Title: Cause for Extinction
Summary: Like all great things, it started from his childhood.
Tezuka didn't often get new t-shirts-not that he minded, of course. He was a growing boy, he knew, and would sooner outgrow the t-shirt than the t-shirt would outlast him. That was what his mother told him, and when she told him this his father told him it probably wouldn't matter because he'd always be smaller than everyone in his class. Tezuka was more inclined to believe his mother, and when his father laughed and ruffled his hair, Tezuka stood there silently and vowed that he would be taller than his father.
It was a Monday afternoon when he came home from school, greeted his mother, and trotted up the steps to his bedroom. He opened the door as he slid the straps of his schoolbag off his shoulders. He paused just as his mother's voice drifted in from behind.

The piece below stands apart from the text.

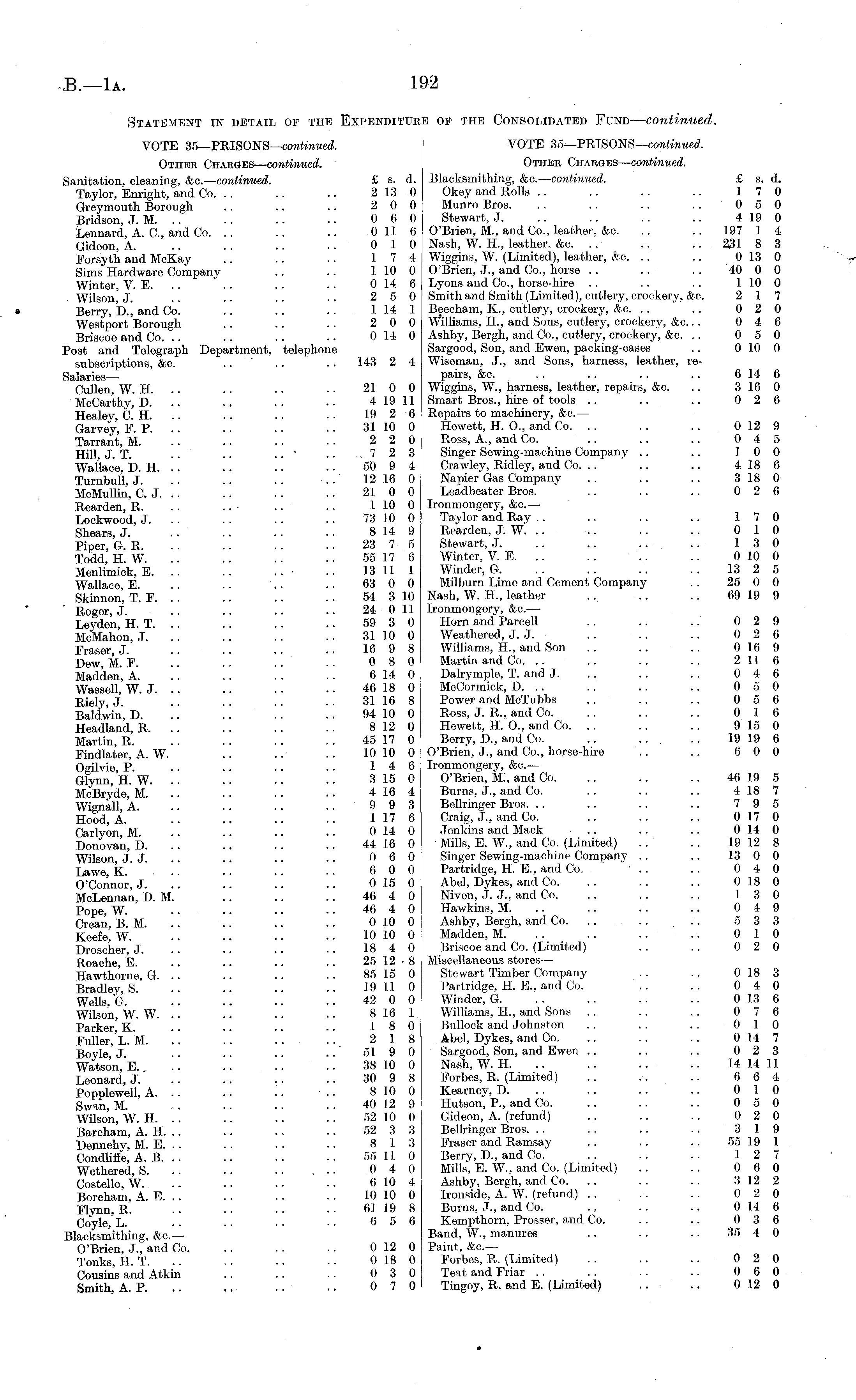 Statement in detail of the Expenditure op the Consolidated Fund— continued. VOTE 35—PRISONS— continued. VOTE 35—PRISONS— continued. Othek Charges— continued. Other. Charges— continued. Sanitation, cleaning, &c— continued. & s. d. Blacksrnithing, &c. —continued. £ s. d. Taylor, Enright, and Co. .. .. .. 213 0 Okey and Rolls .. .. .. .. 17 0 Greymouth Borough .. .. .. 2 0 0 Munro Bros. .. .. . . .. 0 5 0 Bridson, J. M. .. .. .. .. 0 6 0 Stewart, J. .. .. .. .. 419 0 Lennard A C and Co .. . .. 011 6 O'Brien, M., and Co., leather, &c. .. .. 197 1 4 Gideon, A. .. . . . . .. 0 10 Nash, W. H., leather, &c. .. .. .. 231 8 3 Forsyth and McKay .. .. .. 17 4 Wiggins, W. (Limited), leather, ftc .. .. 013 0 Sims Hardware Company .. .. 110 0 O'Brien, J., and Co., horse .. .. .. 40 0 0 Winter V. E. .. .. .. • • 014 6 Lyons and Co., horse-hire .. .. .. 110 0 . Wilson,' J. . . .. .. .. 25 0 Smith and Smith (Limited), cutlery, crockery, &c. 217 Berry, D., and Co. .. .. .. 114 1 Beecham, X., cutlery, crockery, &c. .. .. 0 2 0 Westport Borough .. .. .. 2 0 0 Williams, H., and Sons, cutlery, crockery, &c... 0 4 6 Briscoe and Co. .. .. .. .. 0 14 0 Ashby, Bergh, and Co., cutlery, crockery, &c. .. 0 5 0 Post and Telegraph Department, telephone Sargood, Son, and Ewen, packing-cases .. 0 10 0 subscriptions, &c. . . .. .. 143 2 4 Wiseman, J., and Sons, harness, leather, reSalaries— pairs, &c. .. . . .. .. 614 6 Cullen, W. H. .. .. .. .. 21 0 0 Wiggins, W., harness, leather, repairs, &c. .. 316 0 McCarthy, D. .. .. .. 419 11 Smart Bros., hire of tools .. .. .. 0 2 6 Healey C H . . .. .. 19 2 6 Repairs to machinery, &c.— Garvey, F. P. . . .. .. 31 10 0 Hewett, H. 0., and Co. .. .. .. 012 9 Tarrant, M. . . .. .. .. 2 2 0 Ross, A., and Co. .. .. .. 0 4 5 Hill J. T. .. .. ' • • 7 2 3 Singer Sewing-machine Company .. .. 10 0 Wallace, D. H. .. .. .. .. 50 9 4 Cra.wley, Ridley, and Co. .. .. .. 418 6 Turnbull, J. .. .. .. .. 12 16 0 Napier Gas Company .. .. .. 318 0 McMullin, C. J. .. .. .. .. 21 0 0 Leadbeater Bros. .. .. .. 0 2 6 Rearden, R. .. . .■■ .. .. 110 0 Ironmongery, &c— Lockwood, J. .. .. .. 73 10 0 Taylor and Ray .. .. .. .. 17 0 Shears, J. .. .. .. .. 814 9 Rearden, J. W. .. .. .. . . 0 10 Piper, G. R. . . .. .. .. 23 7 5 Stewart, J. .. .. .. .. 13 0 Todd HW. .. .. •• 55 17 6 Winter, V. E. .. .. .. .. 010 0 Menlimick, E. .. .. .. ■ .. 13 11 1 Winder, G. .. .. .. .. 13 2 5 Wallace E 63 0 0 Milburn Lime and Cement Company .. 25 0 0 Skinnon', T. P. '.'. '.'. '.'■ ■■ 54 310 Nash, W. H., leather .. .. .. 69 19 9 Roger, J. .. .. .. .. 24 011 Ironmongery, &c.— Leyden, H. T. .. .. .. .. 59 3 0 Horn and Parcell .. .. .. 0 2 9 McMahon, J. .. .. .. 31 10 0 Weathered, J. J. .. .. .. 0 2 6 Eraser, J. . . .. .. .. 16 9 8 Williams, H., and Son .. .. .. 016 9 Dew, M. F. .. .. .. .. 0 8 0 Martin and Co. .. .. .. .. 211 6 Madden, A. .. .. .. .. 614 0 Dalrymple, T. and J. .. .. .. 0 4 6 Wassell, W. J. .. .. .. .. 46 18 0 McCormick, D. .. .. .. .. 0 5 0 Riely, J. .. .. .. . • 31 16 8 Power and McTubbs .. .. .. 0 5 6 Baldwin, D. .. .. .. .. 94 10 0 Ross, J. R., and Co. .. .. .. 0 16 Headland, R. .. .. .. .. 812 0 Howett, H. 0., and Co. .. .. .. 915 0 Martin, R. .. .. .. .. 45 17 0 Berry, D., and Co. .. ... .. 19 19 6 Findlater, A. W. .. .. .. 10 10 0 O'Brien, J., and Co., horse-hire .. .. 6 0 0 Ogilvie, P. .. . . . . . • 14 6 Ironmongery, &c— Glynn, H. W. .. .. .. .. 315 0 O'Brien, Mi, and Co. .. .. .. 46 19 5 Mcßryde, M. .. .. .. .. 416 4 Burns, J., and Co. .. .. .. 418 7 Wignall A .. .. .. .. 993 Beilringer Bros. .. .. .. .. 7 9 5 Hood, A. .. .. .. .. 117 6 Craig, J., and Co. .. .. .. 017 0 Carlyon M .. .. .. .. 014 0 Jenkins and Mack .. .. .. 014 0 Donovan, D. .. .. .. .. 44 16 0 Mills, E. W., and Co. (Limited) .. .. 19 12 8 Wilson J. J. .. .. .. i. 0 6 0 Singer Sewing-machine Company .. .. 13 0 0 Lawe, K. , .. .. .. .. 6 0 0 Partridge, H. E., and Co. .. .. 0 4 0 O'Connor, J. .. .. .. 015 0 Abel, Dykes, and Co. .. .. .. 018 0 McLennan, D. M. .. .. .. 46 4 0 Niven, J. J., and Co. .. .. .. 13 0 Pope, W. .. .. .. .. 46 4 0 Hawkins, M. .. .. .. .. 0 4 9 Crean b' M. .. .. .. .. 010 0 Ashby, Bergh, and Co. .. .. .. 5 3 3 Keefe, W. .. .. .. ■ • 10 10 0 Madden, M. . . . . .. .. 0 10 Droscher, J. .. .. .. .. 18 4 0 Briscoo and Co. (Limited) .. .. 0 2 0 Roaohe, E. .. .. .. .. 25 12 • 8 Miscellaneous storesHawthorne, G. .. .. .. .. 85 15 0 Stewart Timber Company .. .. 018 3 Bradley S . .. .. .. 19 11 0 Partridge, H. E., and Co. .. .. 0 4 0 Wells, G. .. .. .. .. 42 0 0 Winder, G. .. .. .. .. 013 6 Wilson, W. W. .. .. .. .. 816 1 Williams, H., and Sons .. .. .. 0 7 6 Parker,' K. .. .. .. .. 18 0 Bullock and Johnston .. .. .. 0 10 Fuller,'L. M. .. .. .. 2 18 Abel, Dykes, and Co. .. .. .. 014 7 Boyle J . 51 9 0 Sargood, Son, and Ewen .. .. .. 0 2 3 Watson.'E 38 10 0 Nash, W. H 14 14 11 Leonard, J. .. .. .. .. 30 9 8 Forbes, R. (Limited) .. .. .. 6 6 4 Popplewell, A. .. .. .. .. 810 0 Kearney, D. .. .. .. .. 0 10 Swtn, M. .. .. -. •• 40 12 9 Hutson, P., and Co. .. .. .. 0 5 0 Wilson W. H. .. .. .. .. 52 10 0 Gideon, A. (refund) .. .. .. 0 2 0 Barcham, A. H. .. .. .. .. 52 3 3 Bellringer Bros. .. ... . .. 3 19 Dennehy M. E. .. .. . . .. 8 13 Fraser and Ramsay .. .. .. 55 19 1 Condlifi'e, A. B. .. .. .. .. 55 11 0 Berry, D., and Co. .. .. .. 12 7 Wethered, S. .. .. 0 4 0 Mills, E. W., and Co. (Limited) .. . . 0 6 0 Costello, W.. .. .. .. .. 610 4 Ashby, Bergh, and Co. .. .. .. 312 2 Boreham AE. .. .. .. .. 10 10 0 Ironside, A. W. (refund) .. .. .. 0 2 0 Flynn, R. .. .. 61 19 8 Burns, J., and Co. ~ .. .. 014 6 Coyle, L. . • •. • • ■•6 5 6 Kempthorn, Pressor, and Co. .. .. 03 6 Blacksmithing, &c— Band, W., manures .. .. .. 35 4 0 O'Brien, J., and Co. .. .. .. 012 0 Paint, &c— Tonks, H. T. .. . . .. .. 018 0 Forbes, R. (Limited) .. .. .. 0 2 0 Cousin's and Atkin .. .. .. 0 3 0 Teat and Friar .. . . .. .. 0 6 0 Smith, A. P. .. .. .. .. 0 7 0 Tingey, R. and E. (Limi

"It was too adorable not to buy," she said, by way of explanation, and slipped the round white hat off his head and pulled his bag from him. She hung them both on the hook by his desk.
Tezuka had no understanding of adorable, but thanked her in appreciation. His mother smiled and mentioned something about preparing snacks, leaving Tezuka alone in his room with a folded rectangle of melded cotton and polyester on his bed. It was mostly brown, plenty of shades darker than his hair. Tezuka picked it up with careful fingers, walked to his closet door, and set it neatly beneath the t-shirt pile comprised of exactly three more.

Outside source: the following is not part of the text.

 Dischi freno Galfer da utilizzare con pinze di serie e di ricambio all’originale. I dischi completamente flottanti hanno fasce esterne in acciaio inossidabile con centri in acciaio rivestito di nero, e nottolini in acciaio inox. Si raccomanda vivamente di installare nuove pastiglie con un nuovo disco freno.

He settled down to finish his homework.
It was a Thursday afternoon when he came home from school with no homework in his bag. He had finished it all at school. His mother smiled when he told her, and ushered him up the steps to change out of his uniform.
Tezuka opened his closet door and picked up the shirt first on the pile. It was the new one from Monday, brown with splotches of green and orange and white. He unfolded it fully and studied the white bubble. He couldn't read English yet, but he could recognize the letters. It looked big and blocky and kind of obnoxious.
But his grandfather had told him that there were stories and lessons to be learned even in one tiny picture. Tezuka thought his grandfather was very wise.
The blob of green had sharp teeth and short arms and a long tail. It was a dinosaur, he concluded, a tyrannosaurus rex-he'd learned of them two months ago. By the dinosaur's feet was a patch of earth and a tiny orange blob of something he could not immediately place. It was a rodent, that was a given, but Tezuka could not determine if it was a coypu or a muskrat-Tezuka frowned, he needed to study more. The dinosaur had a fierce expression on it's face, and the rodent was running away.
Big rocks that looked as if they were on fire were heading towards the dinosaur. Tezuka knew of rain and snow and hail, but he had never heard of falling rocks-perhaps they were flying? Tezuka resolved to find out. Regardless, Tezuka found himself slightly awed.
He pulled the shirt on, smoothing it over his chest as he looked down at the upside-down amalgamation of rodent and dinosaur and rocks. His lips curved into a frown the longer he stared at the upside-down dinosaur.
When his grandfather came home that night, Tezuka told him he wanted to defeat dinosaurs with falling rocks.
It was, Tezuka decided, a very wise t-shirt.